Apache Pig architecture

May 26, 2021 Apache Pig

The language used to analyze data in Hadoop, called Pig Latin, is an advanced data processing language that provides a rich set of data types and operators to perform a variety of operations on the data.

To perform specific tasks, programmers use Pig, which needs to be scripted in the Pig Latin language and executed using any execution mechanism (Grunt Shell, UDFs, Embedded). /b10> Once executed, these scripts generate the desired output by applying a series of transformations to the Pig framework.

Internally, Apache Pig converts these scripts into a series of MapReduce jobs, making it easy for programmers to work. /b10> Apache Pig's architecture looks like this.

Apache Pig component

As shown in the figure, there are various components in the Apache Pig framework. /b10> Let's take a look at the main components.

Parser (Parser)

Initially, the Pig script is handled by the parser, which checks the syntax of the script, type checking, and other miscellaneous checks. /b11> The output of the parser will be DAG (with a ringless graph), which represents the Pig Latin statement and the logical operator. /b12> In DAG, the logical operator of the script is represented as a node and the data stream is represented as an edge.

Optimizer (optimizer)

The Logic Plan (DAG) is passed to the Logic Optimizer, which performs logical optimizations such as projection and push-down.

Compiler (compiler)

The compiler compiles the optimized logic plan into a series of MapReduce jobs.
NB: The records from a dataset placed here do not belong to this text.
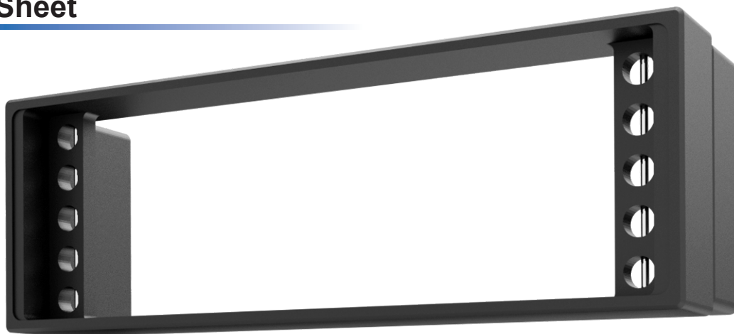
JADT-005 Flat Black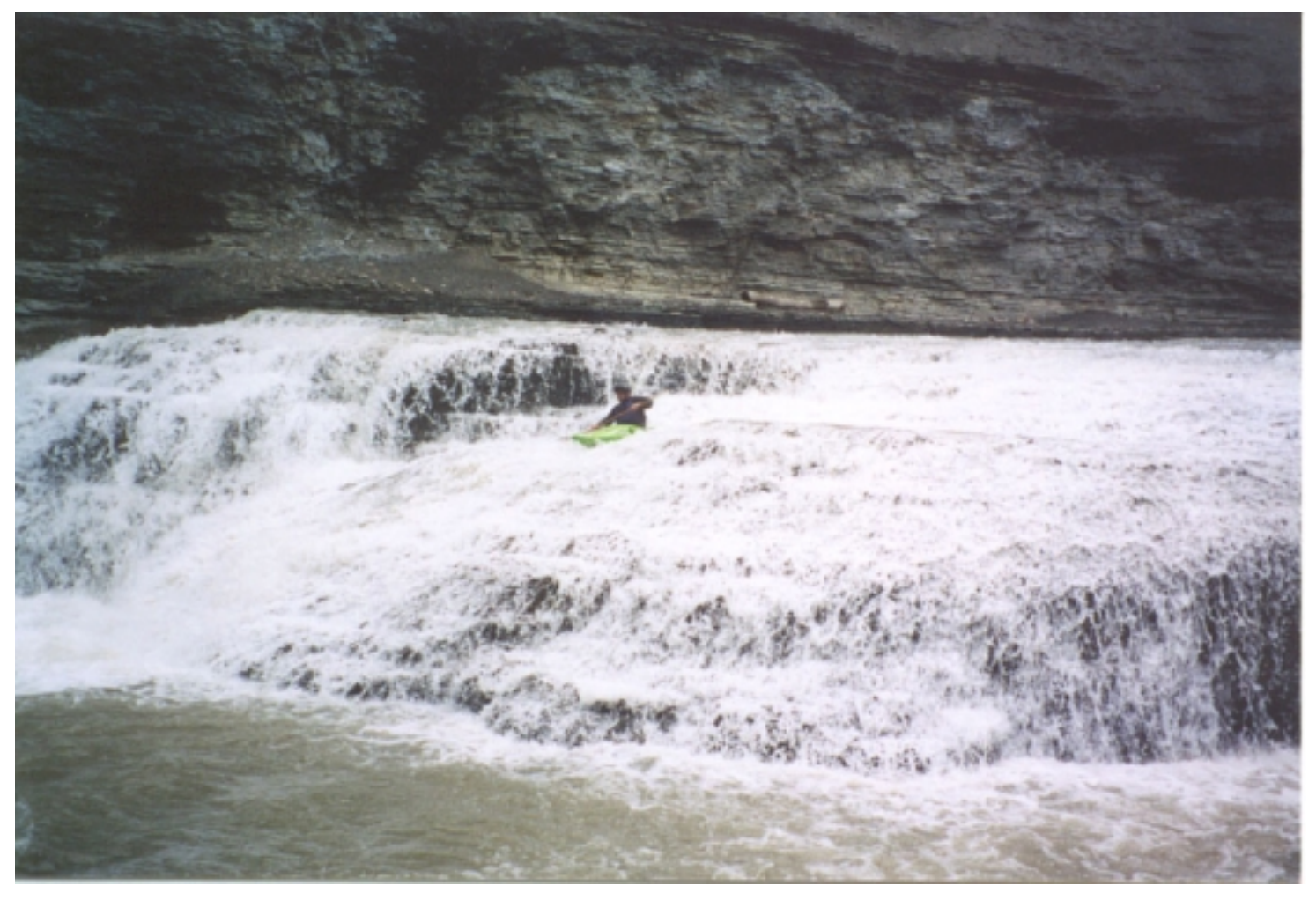
Don Cochran running the falls on South Branch of the Cattaraugus

From 100 yards up stream we could see water spitting up from the horizon of THE FALLS. The stair-like portage on river right was swallowed up to the canyon wall. There was a micro eddy across the way on the river left, big enough for one boat and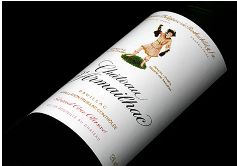
Château D'Armailhac 1012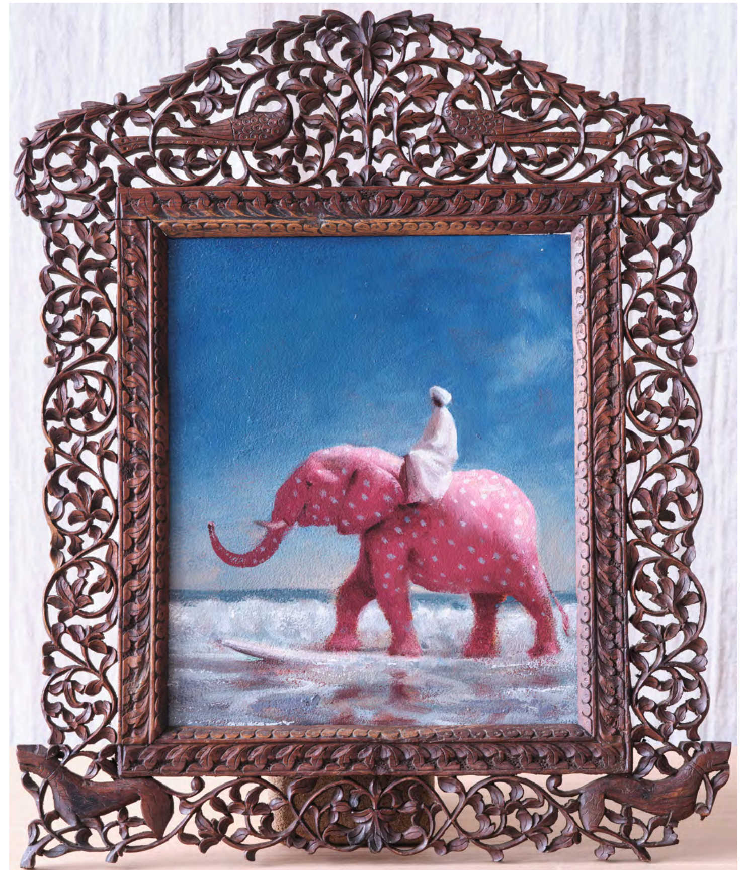
Senegal Glide , 2025 Oil on Board 50.7h x 43w x 1.8d cm / 20h x 16.9w x 0.7d in.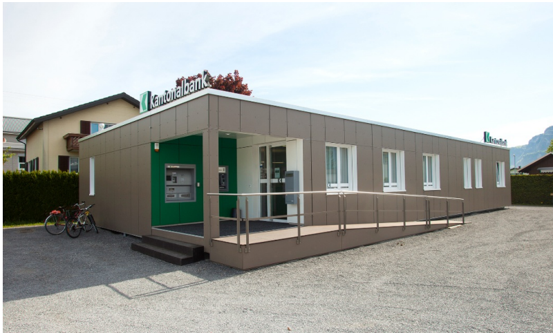
Entrance with wheelchair-accessible ramp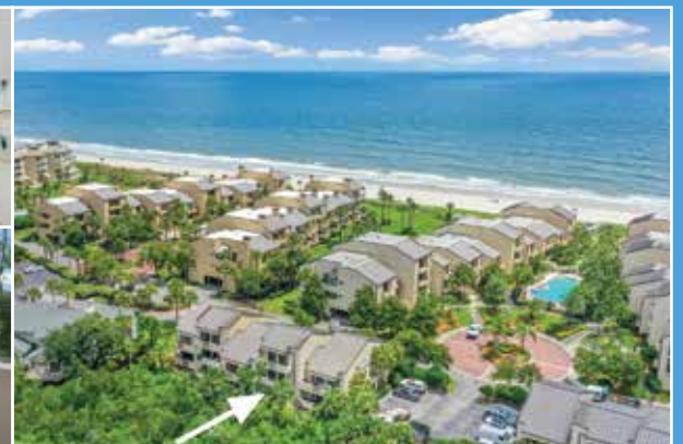
751 Spinnakers Reach Drive 1 Bedroom | 1 Bath | 704 ± SF Offered at $399,000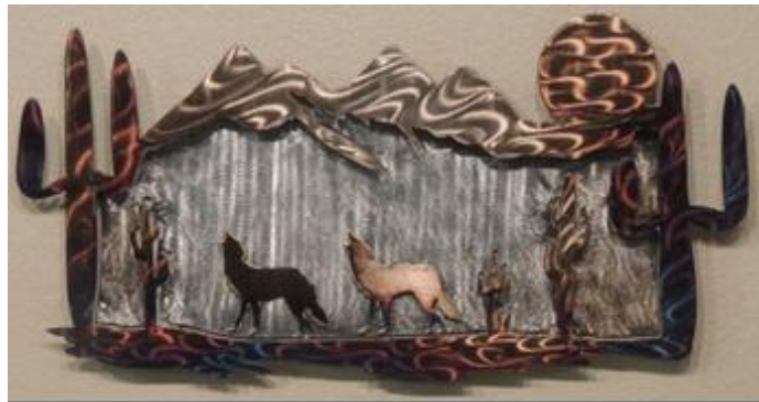
Medium Image #3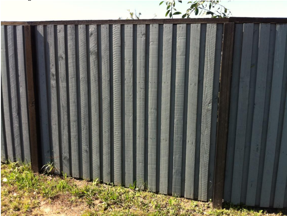
Photograph showing side fencing required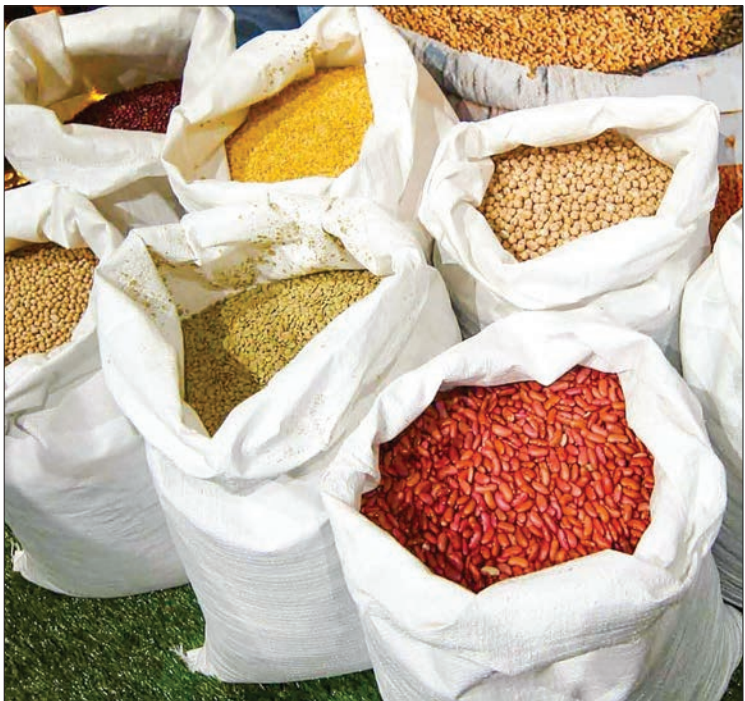
Myanmar pulses are kept on display for sale in a shop at a market.

Nevertheless, India buys only 30 per cent of pigeon peas from Myanmar, making its market uncertain. The commerce ministry has already requested growers not to choose pigeon peas in the coming cultivation season. Various pulses, including green grams, which are exported to other foreign markets, are also fetching a good price in the market. ■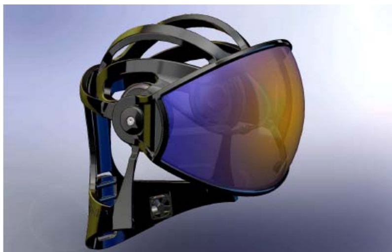
Figure 6: The virtual cocoon

Real Virtuality thus delivers an experience that is perceptually equivalent to the real-world experience, without the need to compute full physical accuracy. The delivery mechanism of Real Virtuality is termed a 'virtual cocoon'. This is a helmet-like device that contains high-quality visuals, 3D audio headphones, smell and tasting technology, and temperature, humidity and wind simulation devices (Figure 6).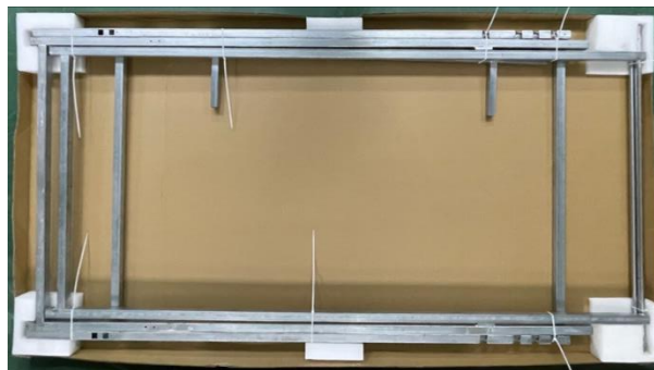
Figure 1: Bracket packaging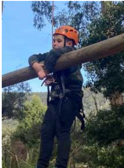
Fun on camp!

skateboarding lessons, provided by Y Ballarat. In fact, I was personally inspired by this to get 10 new skateboards for our school to introduce a skateboarding club. Skateboarding is something I still enjoy, so it has not been hard to bring in a new and exciting sport for our students. We have focused on year 4-5 girls initially, building their confidence and resilience!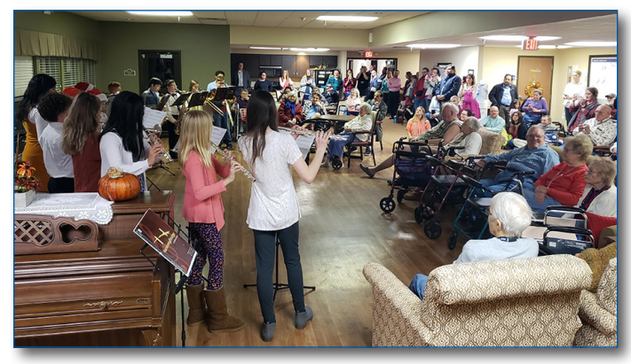
Our grade 6-12 music students continue to participate in the Harmony Bridge program, a national project that connects student musicians with senior residences. Here, students play for residents at Brookdale Senior Living in Painted Post in November. After they perform, the students spend time in conversation with the residents. Groups have performed at residences across our region. Horseheads was one of five districts chosen to pilot the program in 2015.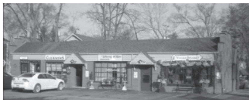
“Village Plaza” or Jones Building, after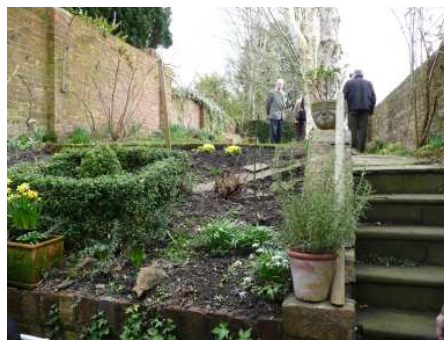
A glimpse of the garden from the back of the house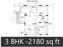
3 BHK - 2180 sq ft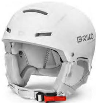
917 MATT PEARL WHITE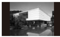
The Museum of Modern Art, Kanagawa [1951] EK Junzo Sakakura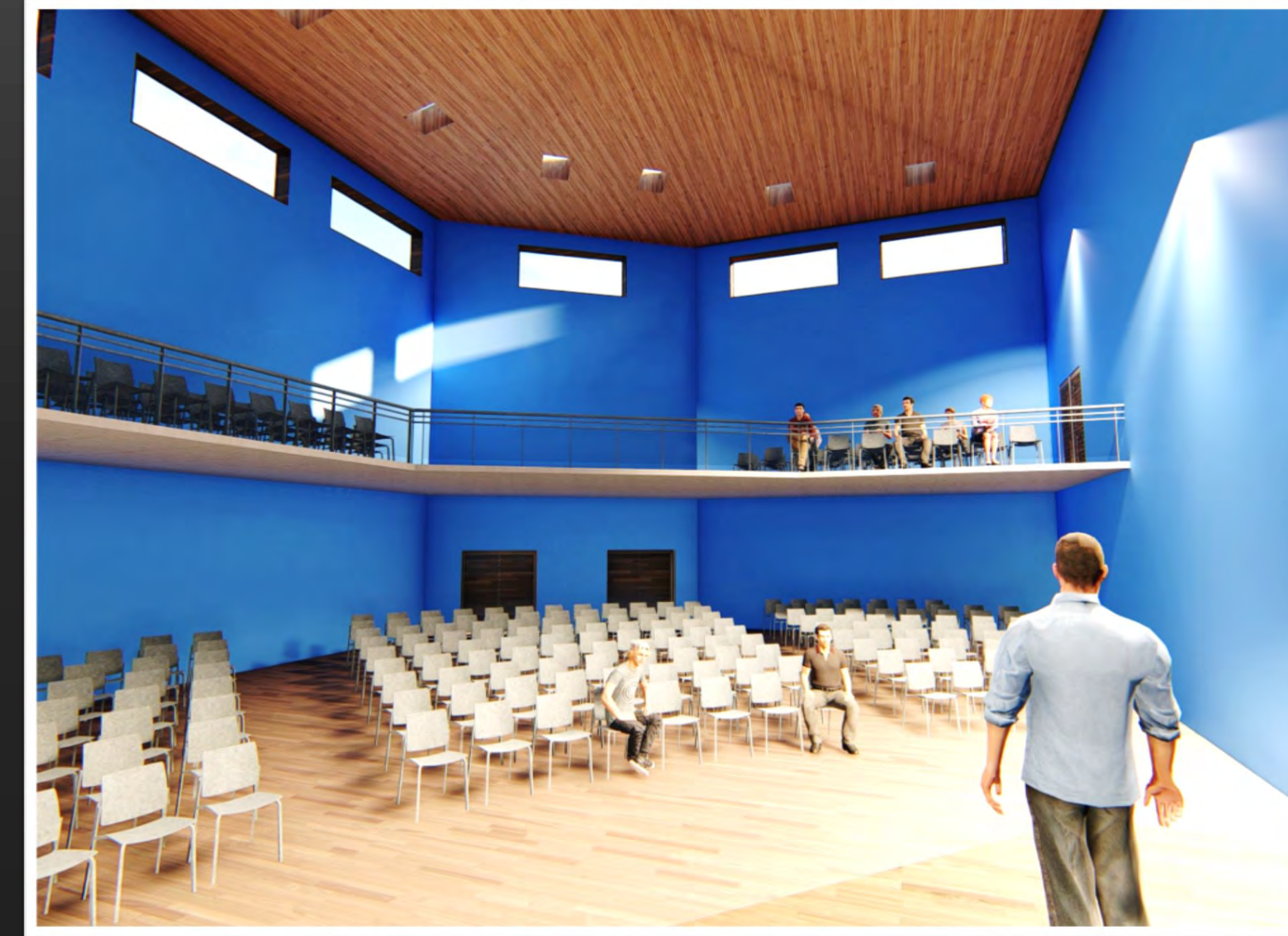
Worship auditoriums in campus ministry centers, bring about a sense of unity among its members.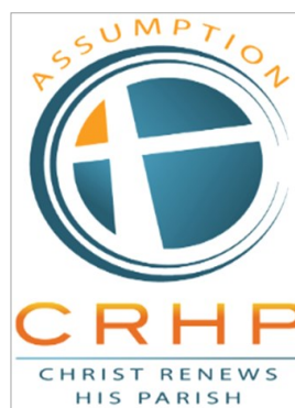
Christ Renews His Parish (CRHP) Retreats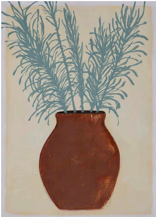
Mediterranean Terracotta 3 27.56 x 19.69 IN 70 x 50 CM Acrylic on wc paper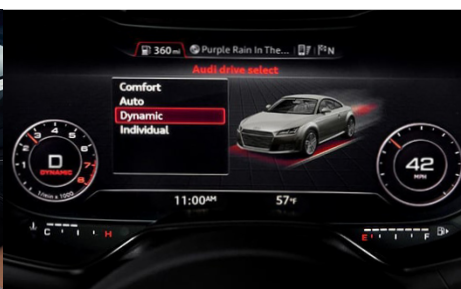
Audi drive select

Execution engine (execution engine)

Finally, the MapReduce job is submitted to Hadoop in sort order. /b10> These MapReduce jobs are performed on Hadoop to produce the desired results.

Pig Latin data model

Pig Latin's data model is fully nested and allows complex non-atomic data types such as map and tuple. /b10> A graphical view of the Pig Latin data model is given below.

Atom (Atomic)

Any single value in Pig Latin, regardless of its data type, is called Atom. I t is stored as a string and can be used as a string and number. I nt, long, float, double, chararray and bytearray are the atomic values of Pig. A data or a simple atomic value is called a field. Example: "raja" or "30"

Tuple (Tuple)

Records formed by an ordered collection of fields are called metagroups, and fields can be of any type. /b10> The metagroup is similar to the rows in the RDBMS table. Example: (Raja, 30).

Bag (Bag)

A package is a disordered set of metagroups. /b10> In other words, a collection of metagroups (not unique) is called a package. /b11> Each group can have any number of fields (flexible mode). /b12> The package is represented by a """ /b13> It is similar to a table in RDBMS, but unlike a table in RDBMS, you do not need each group to contain the same number of fields, or to have the same type of field in the same location (column).

Example: (Raja, 30), (Mohammad, 45)

A package can be a field in a relationship;

Example: .Raja, 30, .9848022338,[email protected], . . }

Map (Map)

A map (or data map) is a set of key-value pairs. Key needs to be acharray type and should be unique. Value can be any type, it can be represented by the """"

Example: .name#Raja, age#30

Relation (Relationship)

A relationship is a package of meta-groups. /b10> The relationships in Pig Latin are out of order (there is no guarantee that the DTs will be processed in any particular order).